How MI6 was given free hand in 1953 Iran coup: Report

A report shows how an MI6 intelligence officer was allowed to spend as much money as he desired to overthrow Iran’s first democratically-elected government of Mohammad Mosaddeq and restore the Pahlavi regime in 1953.

“My brief was very simple,” said the officer, Norman Darbyshire, according to transcripts censored out of the 1980s Granada documentary, titled “End of Empire,” The Guardian revealed in a report on Sunday. “Go out there, don’t inform the ambassador, and use the intelligence service for any money you might need to secure the overthrow of Mosaddegh by legal or quasi-legal means,” the transcript went on.

The MI6 officer, who died in 1993, goes on to explain that he spent “vast sums of money, well over a million-and-a-half pounds,” adding, “I was personally giving orders and directing the street uprising.”

The Iranian premier, Mosaddeq had played a key role in the country’s 1951 movement that resulted in the nationalization of Iran’s oil industry, which had been mainly controlled by the British-owned Anglo-Iranian Oil Company (AIOC), now known as BP.

“[Former British] Prime Minister Winston Churchill opposed the rule of the country’s first democratic leader, Mohammad Mosaddegh, largely because it threatened Britain’s interests in Iran’s oil industry,” The Guardian likewise notes.

In August 1953, the British intelligence agency and its American counterpart, the CIA, initiated the coup by the Iranian military, setting off a series of events, including riots on the streets of the capital Tehran, which led to the overthrow and arrest of Mosaddeq.

The coup, which was followed by the temporary rule of CIA- and MI6-approved General Fazlollah Zahedi, enabled the monarch, Mohammad-Reza Pahlavi’s return from exile in Italy. It also consolidated the monarch's rule for the following 26 years until the victory of Iran’s Islamic Revolution in 1979, led by Imam Khomeini, which toppled the Pahlavi regime.

Mosaddeq, who was convicted of treason by a court martial after the coup, served three years in solitary confinement and eventually died under house arrest in exile in 1967.

The historic overthrow, though, is still given as a reason for the Iranians' mistrust of the UK and the US.

Anti-British colonialism day

The censored transcript of the MI6 officer Darbyshire’s remarks was discovered by Taghi Amirani, a film director, who used it in a documentary that was released last August under the title “Coup 53.”

“Coup 53 now makes a clear case that the British were orchestrating an uprising, going as far as kidnapping, torturing, and paying for protesters to go out on to the streets of Tehran,” The Guardian writes.

“This coup shaped not only western relations with Iran for 60 years, but changed the Middle East.
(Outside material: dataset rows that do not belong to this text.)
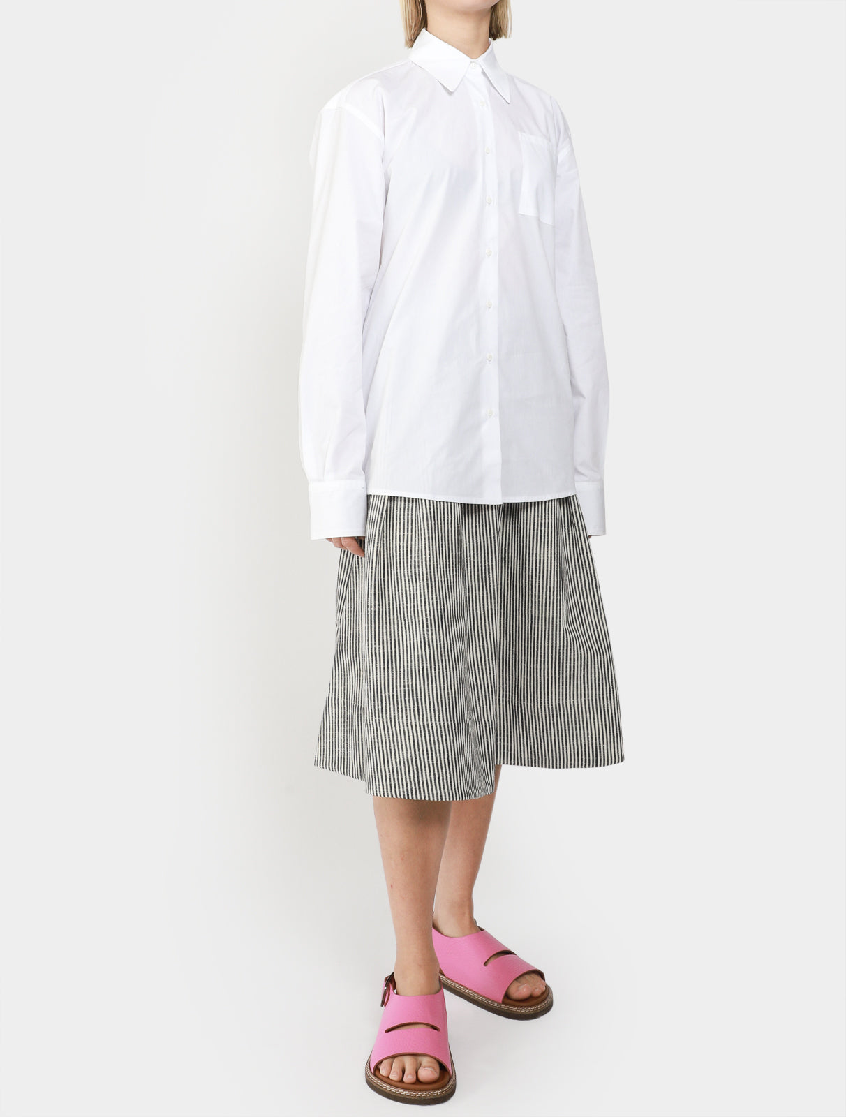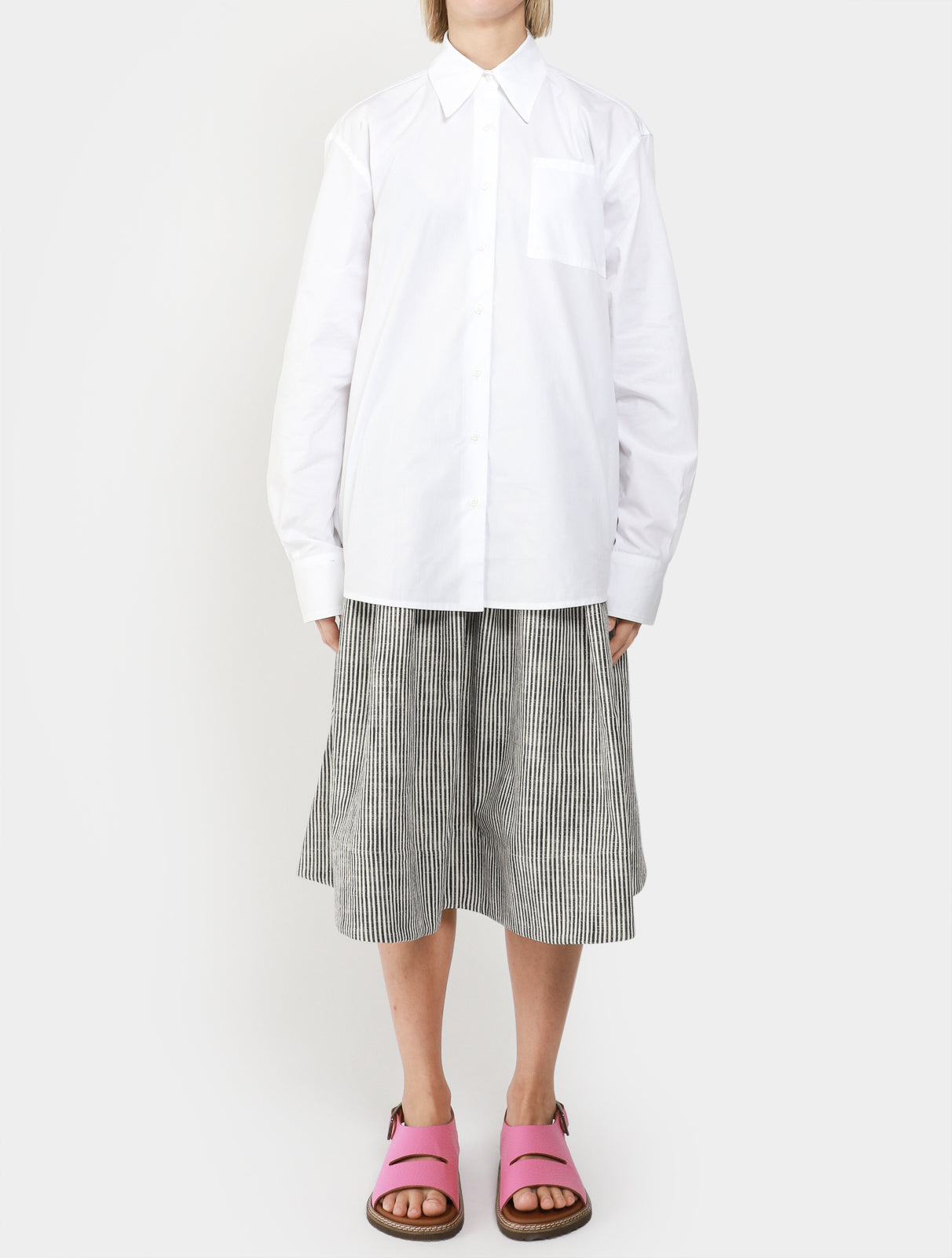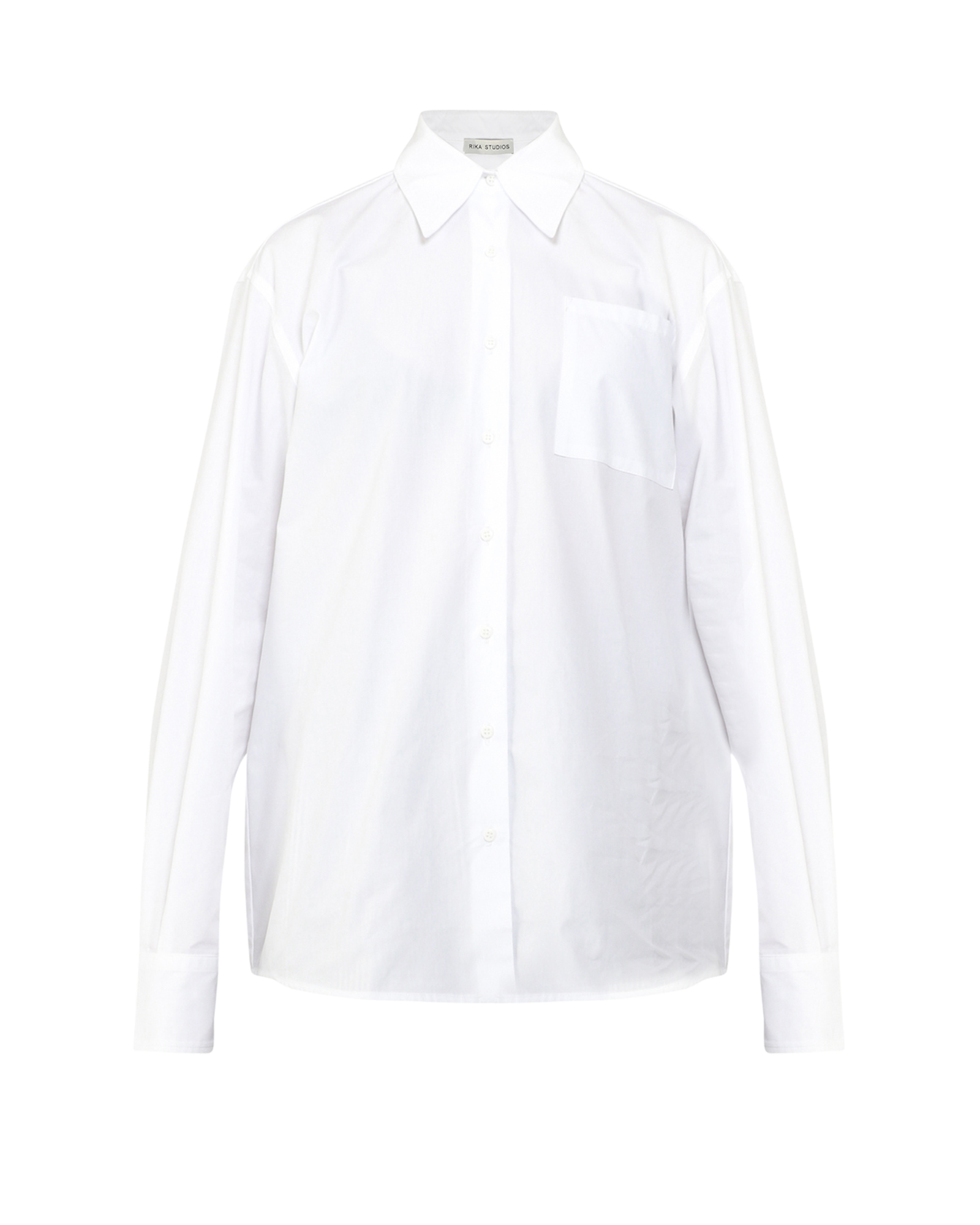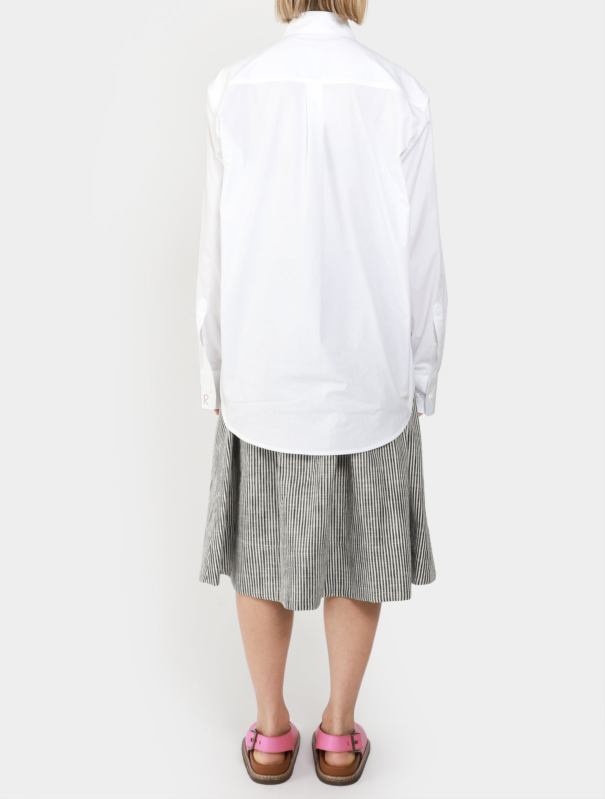 Rika Studios shirt in cotton poplin fabric, featuring an oversized silhouette, drop shoulder seams, classic collar, sleeve cuffs and a contrasting hand-stitched red ‘R’ decorating the left cuff.
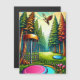 Retro-skivans golfbana med Eagle som flyger över gräs träd ai-konsten med vintage färg och campingvibe.
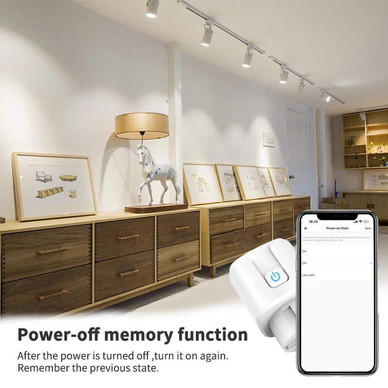 Es fácil conectar el dispositivo con su teléfono inteligente o tableta y luego controlar el enchufe en cualquier lugar y en cualquier momento de acuerdo con sus propios requisitos a través de la aplicación eWelink. Disfrute de su conveniente eWelink tanto si está de vacaciones/negocios como en casa.
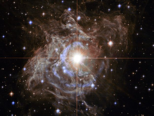 named RS Puppis, brightens and dims over a 40-day-long cycle, and newly-released observations with Hubble reveal not only the star but also the echoes of its bright surges as they reflect off the dusty nebula surrounding it.
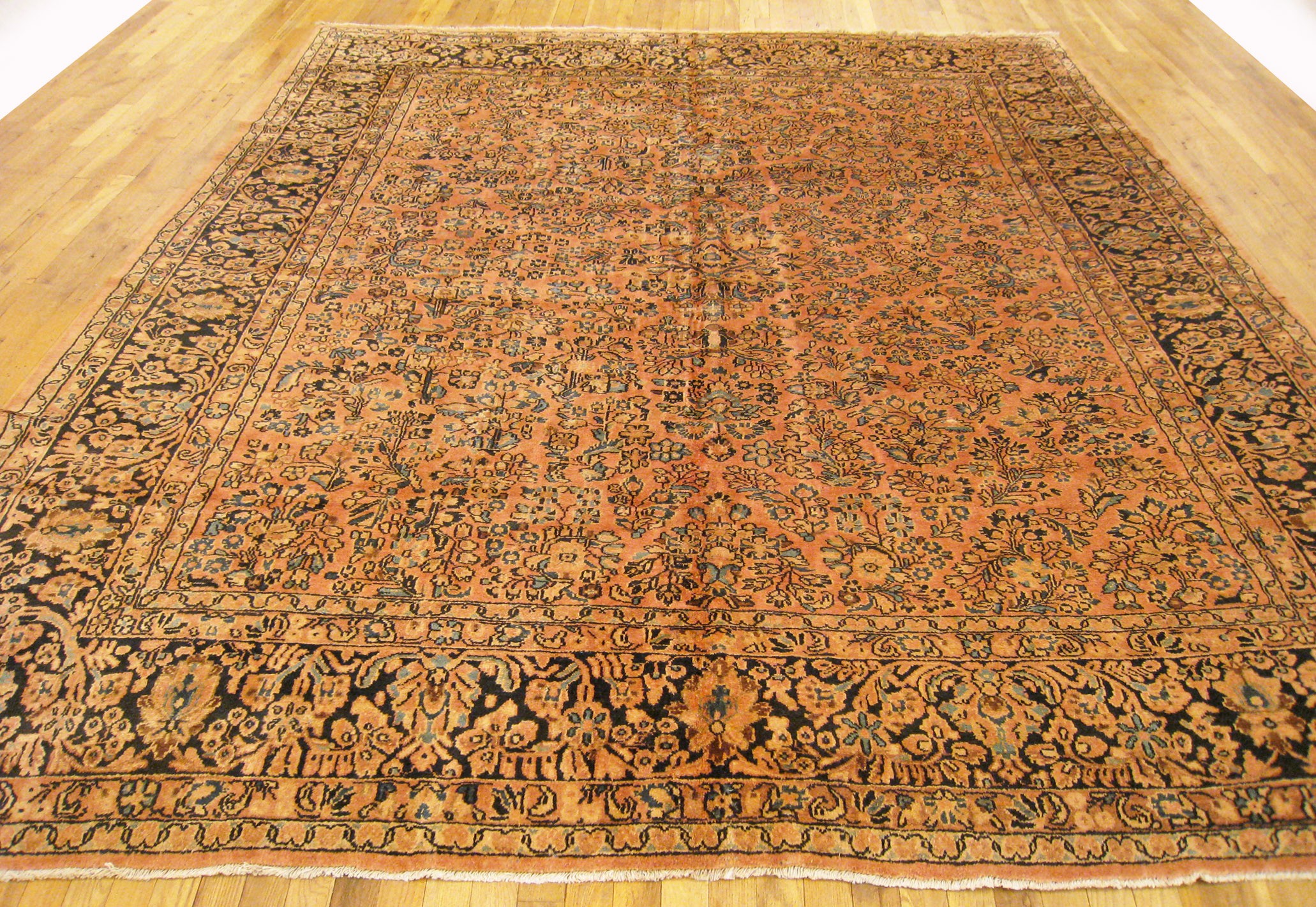 A vintage Persian Sarouk oriental rug, size 11'8" x 9'0", circa 1930. This lovely hand-knotted wool rug features an intricate floral design in the soft coral central field and is enclosed within a blue border. Finely woven, with short wool pile and a soft feel. A great choice for a foyer, an entry way, a short hall, a living space, a bedroom or even as a decorative accent or as wall decor! An instant conversation starter, and an easy way to add color, warmth, charm and sophistication to your home decor. An amazing value!
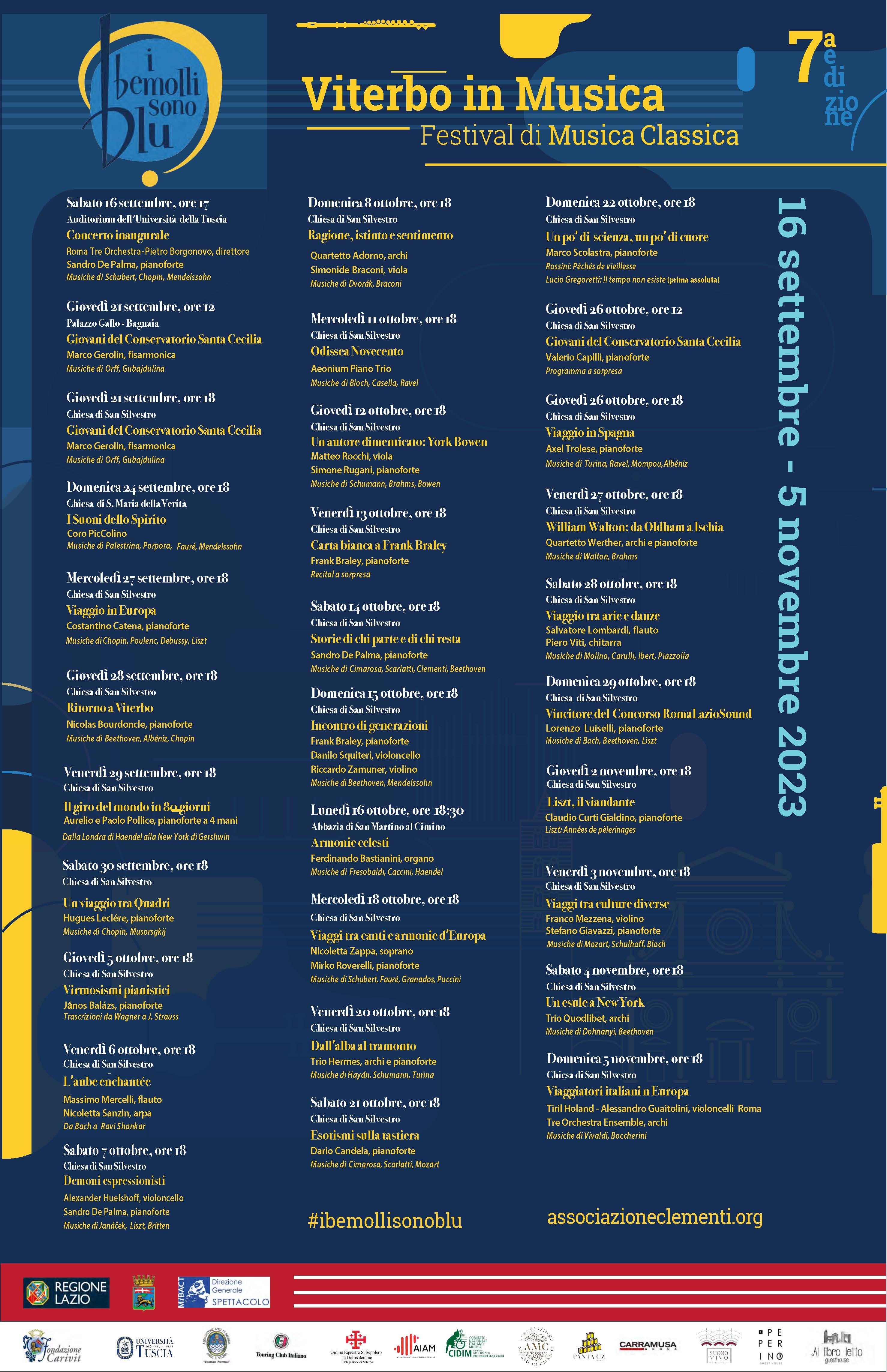 L’equinozio d’autunno darà il via alla settima edizione del Festival “I Bemolli sono Blu-Viterbo in Musica” (16 settembre-5 novembre 2023). L’amore per la Musica, la Bellezza dei paesaggi, la Storia che avvolge Viterbo e il suo patrimonio culturale hanno contribuito a confermare la città dei papi, vero genius loci, quale luogo ideale dove continuare a svolgere il prestigioso festival di musica classica “I Bemolli sono Blu”, promosso dall’Associazione Musicale Muzio Clementi e ideato e diretto dal M. Sandro De Palma. Festival che quest’anno giunge al traguardo della settima edizione, grazie agli interpreti di fama mondiale che si sono susseguiti negli anni, all’apprezzamento del pubblico e ai commnenti benevoli della critica.

Imagine if there had been a democracy there,” Amirani was quoted by the paper as saying.

Experts say the upheaval, known in Iran as the 28 Mordad Coup, was aimed at making sure the Iranian monarchy would safeguard the West's oil interests in the country.

The MI6 and CIA’s role was first revealed in a 1985 news story by The Observer, The Guardian’s sister paper, but the report was suppressed. Nor did the “End of Empire” series get to feature either Darbyshire or his testimony.